* [TASK PROMPT]: Once you reach the line with "43-44㎡ | 南向瞰海一房一厅 | 落地窗" in the material below, copy each line exactly up to and including the line with "キルティング 中綿フライトジャケット 羽織", and skip the pictures.

* [SUPPLIED ENTRIES]:
# # # #
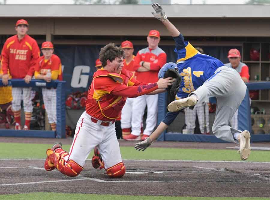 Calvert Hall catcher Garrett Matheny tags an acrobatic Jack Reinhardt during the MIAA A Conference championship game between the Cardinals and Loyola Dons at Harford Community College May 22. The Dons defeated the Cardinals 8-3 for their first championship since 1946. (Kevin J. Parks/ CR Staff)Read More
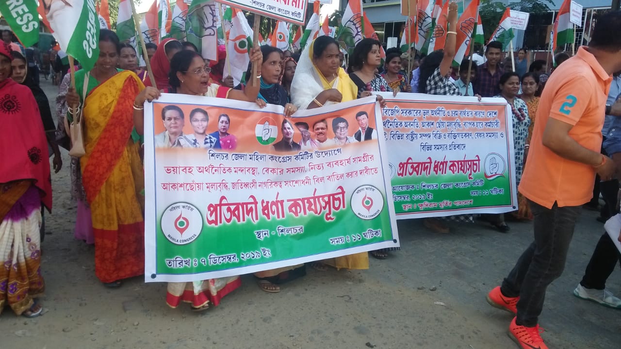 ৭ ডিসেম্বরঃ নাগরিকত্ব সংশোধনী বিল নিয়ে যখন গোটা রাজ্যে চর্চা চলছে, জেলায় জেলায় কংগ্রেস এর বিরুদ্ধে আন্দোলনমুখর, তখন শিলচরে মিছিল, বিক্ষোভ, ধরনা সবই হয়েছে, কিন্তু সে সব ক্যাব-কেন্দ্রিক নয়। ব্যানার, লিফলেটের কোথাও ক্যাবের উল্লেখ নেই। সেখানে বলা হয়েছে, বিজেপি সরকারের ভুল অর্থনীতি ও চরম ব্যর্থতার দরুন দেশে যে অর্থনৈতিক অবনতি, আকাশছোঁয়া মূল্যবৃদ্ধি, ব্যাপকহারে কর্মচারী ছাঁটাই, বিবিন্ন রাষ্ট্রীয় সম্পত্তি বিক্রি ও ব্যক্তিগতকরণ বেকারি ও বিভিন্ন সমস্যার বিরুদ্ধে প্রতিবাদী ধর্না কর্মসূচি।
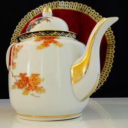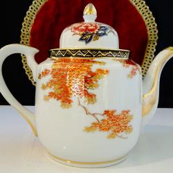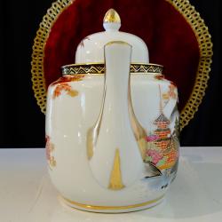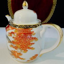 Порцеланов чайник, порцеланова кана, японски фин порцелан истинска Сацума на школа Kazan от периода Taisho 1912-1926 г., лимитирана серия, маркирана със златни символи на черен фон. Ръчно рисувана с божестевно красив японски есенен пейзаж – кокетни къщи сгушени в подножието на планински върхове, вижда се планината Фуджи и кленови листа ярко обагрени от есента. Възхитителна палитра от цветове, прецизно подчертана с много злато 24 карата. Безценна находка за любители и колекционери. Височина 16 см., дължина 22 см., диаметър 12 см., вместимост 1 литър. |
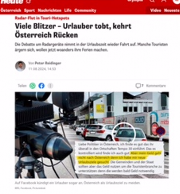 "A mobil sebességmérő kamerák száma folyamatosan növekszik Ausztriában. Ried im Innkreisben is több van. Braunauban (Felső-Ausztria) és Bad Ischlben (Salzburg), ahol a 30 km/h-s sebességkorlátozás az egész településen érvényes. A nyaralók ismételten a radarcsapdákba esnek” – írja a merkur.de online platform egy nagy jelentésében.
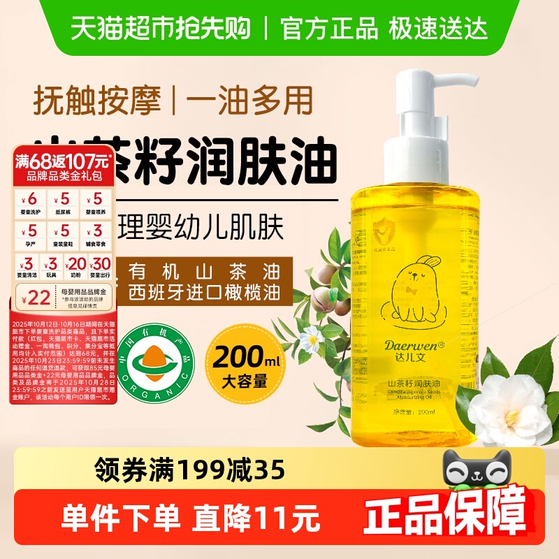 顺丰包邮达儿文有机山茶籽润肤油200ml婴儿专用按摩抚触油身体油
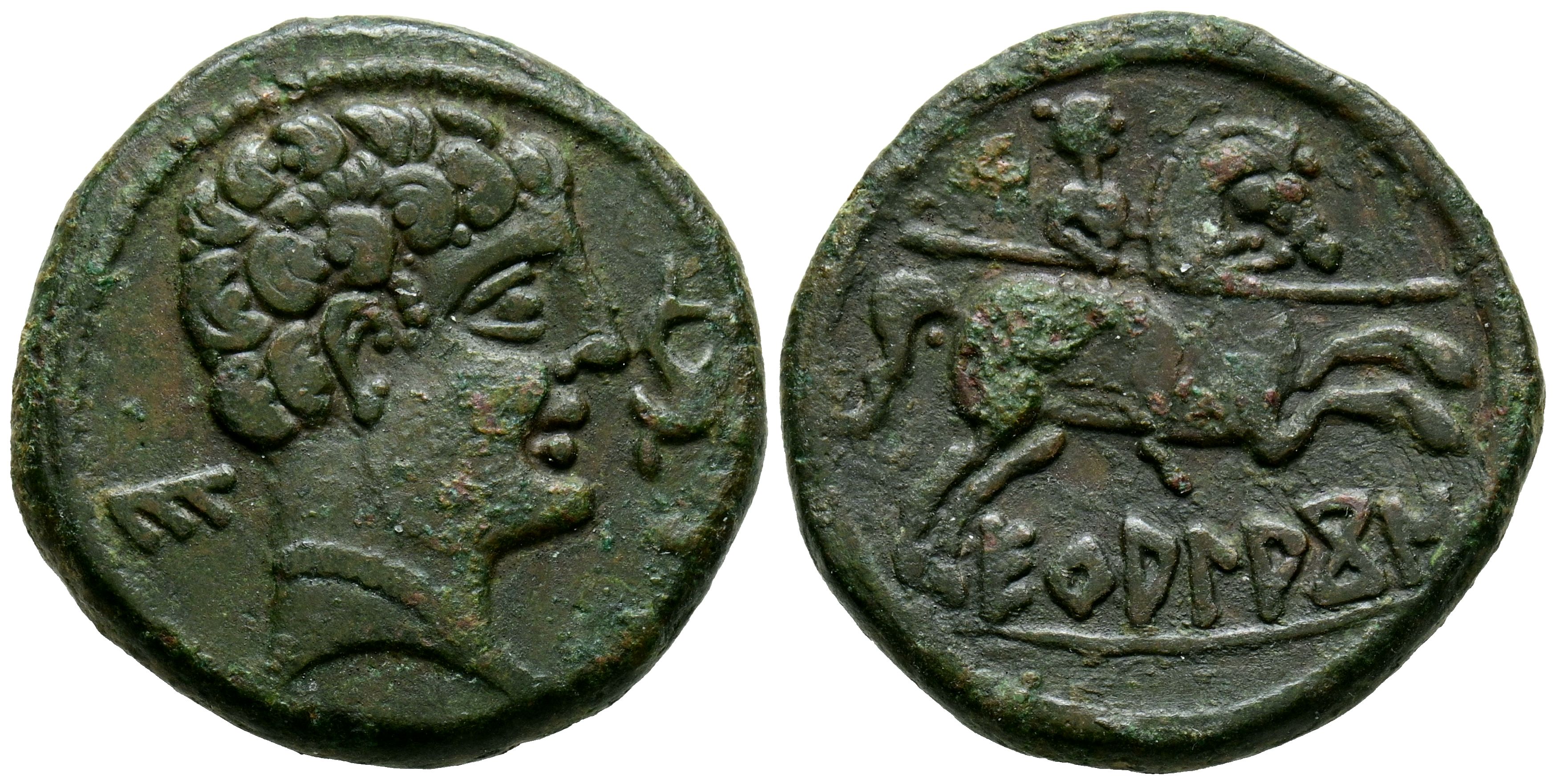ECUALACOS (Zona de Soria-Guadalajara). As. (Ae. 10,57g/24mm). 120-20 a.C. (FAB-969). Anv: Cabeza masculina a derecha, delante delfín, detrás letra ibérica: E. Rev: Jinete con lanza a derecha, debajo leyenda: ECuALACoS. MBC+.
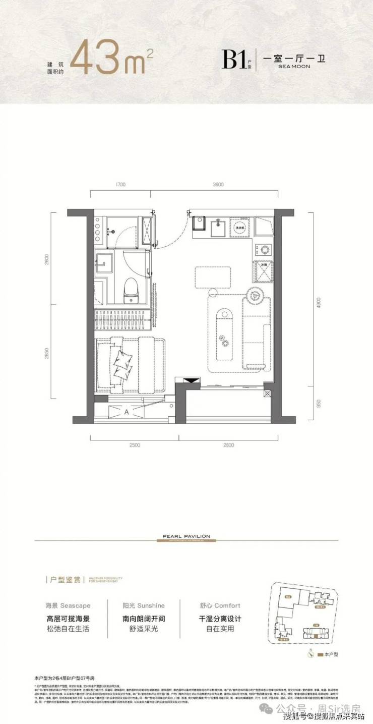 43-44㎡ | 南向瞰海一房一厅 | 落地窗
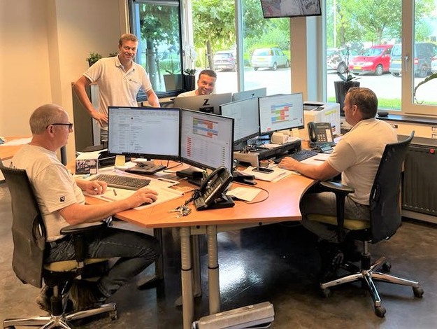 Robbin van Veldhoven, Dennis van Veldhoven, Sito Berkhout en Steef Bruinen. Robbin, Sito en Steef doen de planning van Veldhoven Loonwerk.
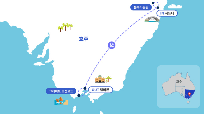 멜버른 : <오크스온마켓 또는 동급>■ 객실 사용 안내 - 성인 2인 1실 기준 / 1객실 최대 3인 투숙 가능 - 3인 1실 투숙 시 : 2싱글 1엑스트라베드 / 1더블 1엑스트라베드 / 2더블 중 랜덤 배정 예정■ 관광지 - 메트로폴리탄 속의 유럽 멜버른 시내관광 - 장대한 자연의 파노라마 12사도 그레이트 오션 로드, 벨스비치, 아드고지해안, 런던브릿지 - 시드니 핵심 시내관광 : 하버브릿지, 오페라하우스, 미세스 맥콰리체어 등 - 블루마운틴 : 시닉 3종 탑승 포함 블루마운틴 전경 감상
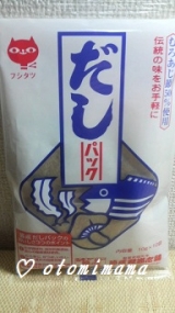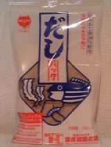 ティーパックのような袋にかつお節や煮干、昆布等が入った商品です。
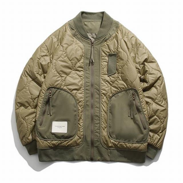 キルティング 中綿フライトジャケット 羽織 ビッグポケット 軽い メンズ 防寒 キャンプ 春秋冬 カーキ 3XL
# # # #
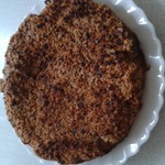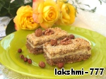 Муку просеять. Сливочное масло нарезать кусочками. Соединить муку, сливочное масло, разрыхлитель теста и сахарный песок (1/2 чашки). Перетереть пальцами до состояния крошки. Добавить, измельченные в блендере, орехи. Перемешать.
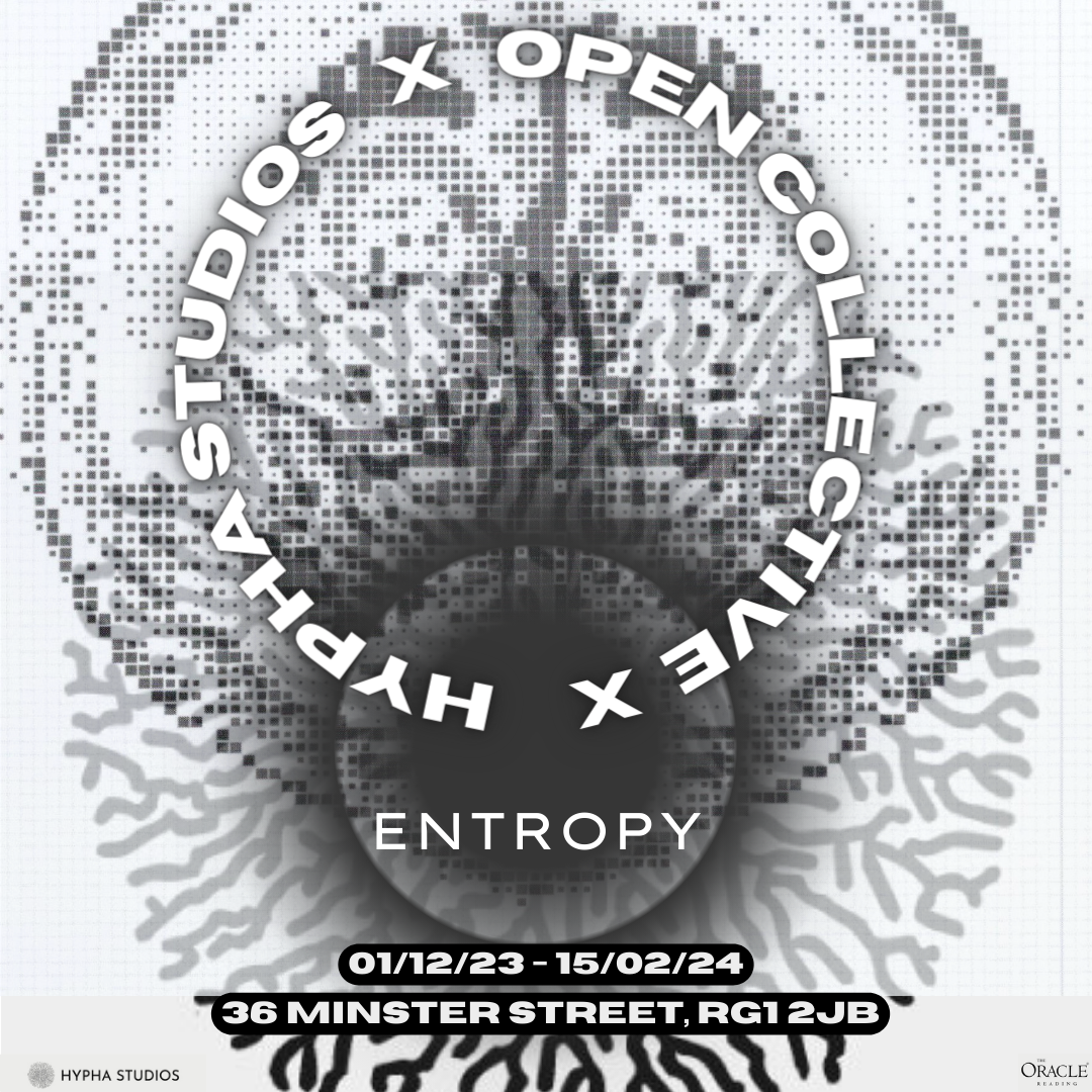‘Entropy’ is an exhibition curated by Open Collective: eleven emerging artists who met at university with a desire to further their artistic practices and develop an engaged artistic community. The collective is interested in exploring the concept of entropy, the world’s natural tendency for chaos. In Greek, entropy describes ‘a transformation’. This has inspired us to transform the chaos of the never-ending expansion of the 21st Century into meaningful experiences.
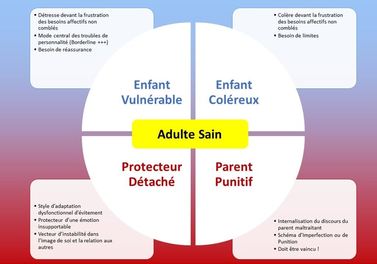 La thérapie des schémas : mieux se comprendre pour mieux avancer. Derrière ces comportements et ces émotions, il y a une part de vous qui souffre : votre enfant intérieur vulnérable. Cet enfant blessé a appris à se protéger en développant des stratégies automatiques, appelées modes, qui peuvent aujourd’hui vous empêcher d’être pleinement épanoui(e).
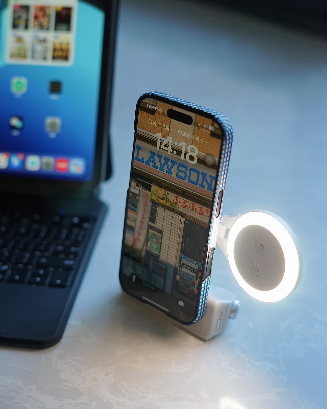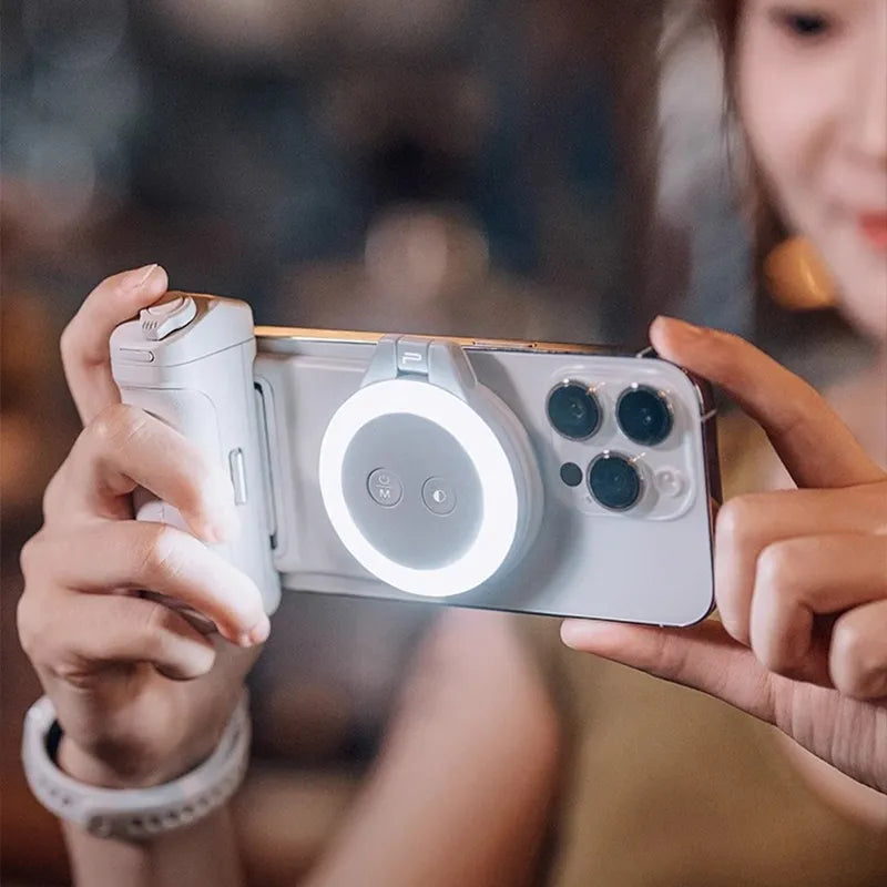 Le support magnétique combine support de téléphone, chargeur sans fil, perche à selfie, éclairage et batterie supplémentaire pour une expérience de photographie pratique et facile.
# # # #
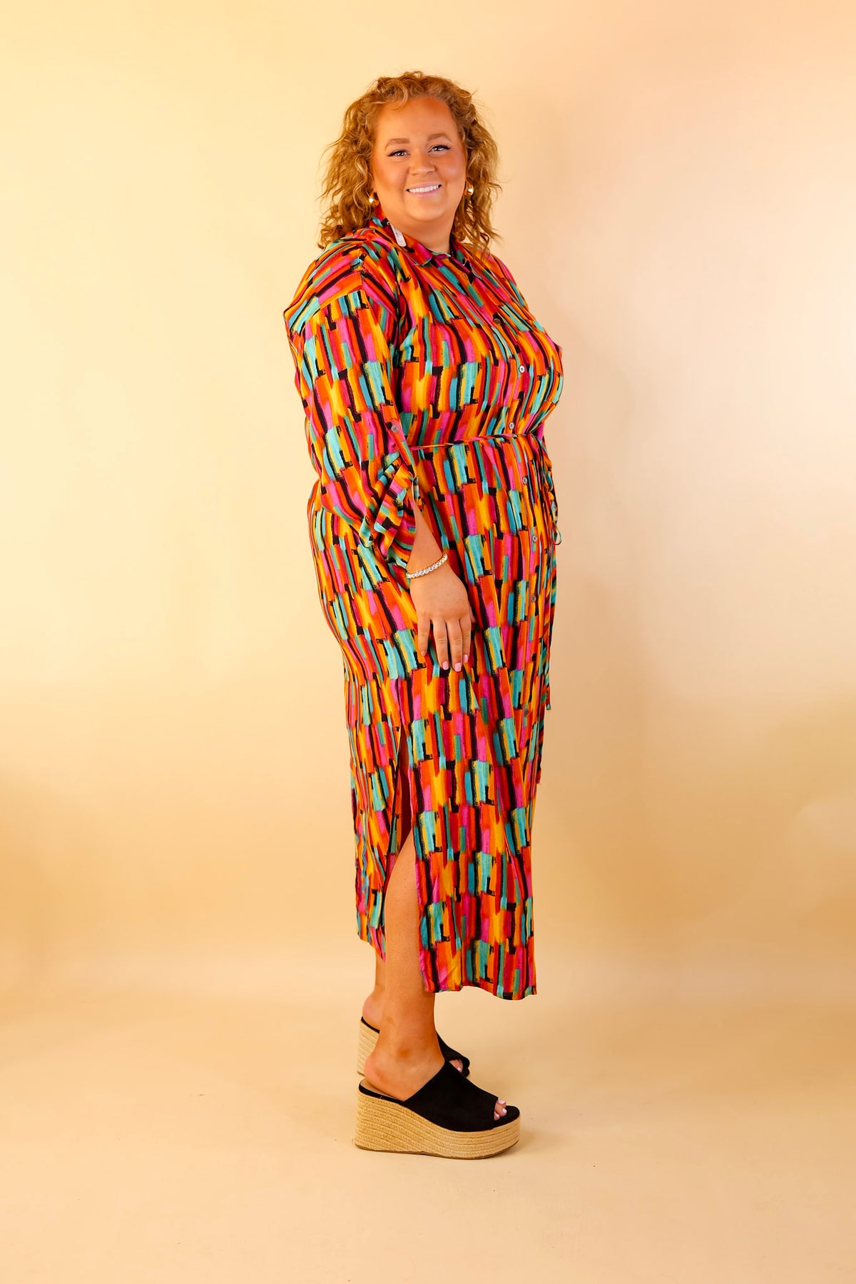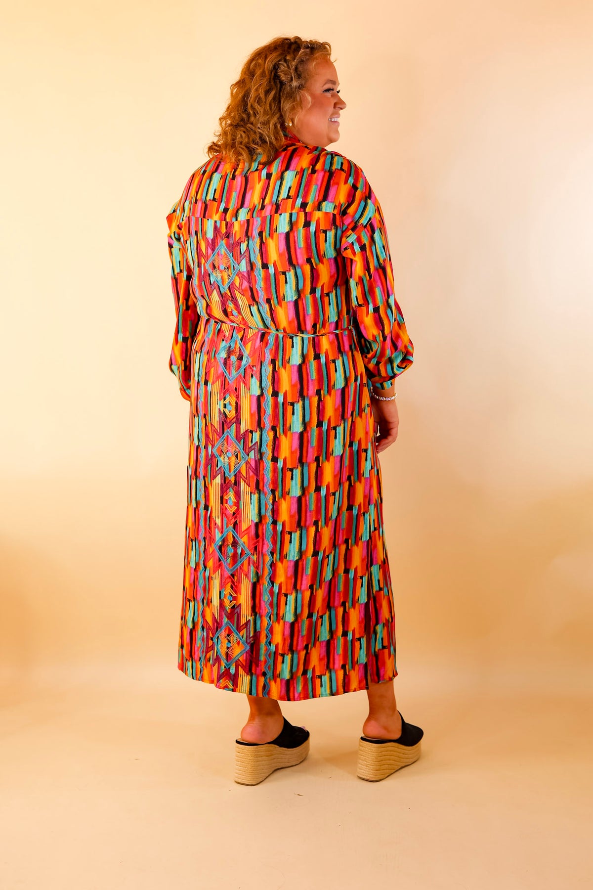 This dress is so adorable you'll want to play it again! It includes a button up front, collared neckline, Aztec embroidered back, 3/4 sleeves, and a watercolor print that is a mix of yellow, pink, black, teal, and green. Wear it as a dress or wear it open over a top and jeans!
# # # #
* [REPLY TO THE EXERCISE]:
 43-44㎡ | 南向瞰海一房一厅 | 落地窗
 Robbin van Veldhoven, Dennis van Veldhoven, Sito Berkhout en Steef Bruinen. Robbin, Sito en Steef doen de planning van Veldhoven Loonwerk.
 멜버른 : <오크스온마켓 또는 동급>■ 객실 사용 안내 - 성인 2인 1실 기준 / 1객실 최대 3인 투숙 가능 - 3인 1실 투숙 시 : 2싱글 1엑스트라베드 / 1더블 1엑스트라베드 / 2더블 중 랜덤 배정 예정■ 관광지 - 메트로폴리탄 속의 유럽 멜버른 시내관광 - 장대한 자연의 파노라마 12사도 그레이트 오션 로드, 벨스비치, 아드고지해안, 런던브릿지 - 시드니 핵심 시내관광 : 하버브릿지, 오페라하우스, 미세스 맥콰리체어 등 - 블루마운틴 : 시닉 3종 탑승 포함 블루마운틴 전경 감상
 ティーパックのような袋にかつお節や煮干、昆布等が入った商品です。
 キルティング 中綿フライトジャケット 羽織 ビッグポケット 軽い メンズ 防寒 キャンプ 春秋冬 カーキ 3XL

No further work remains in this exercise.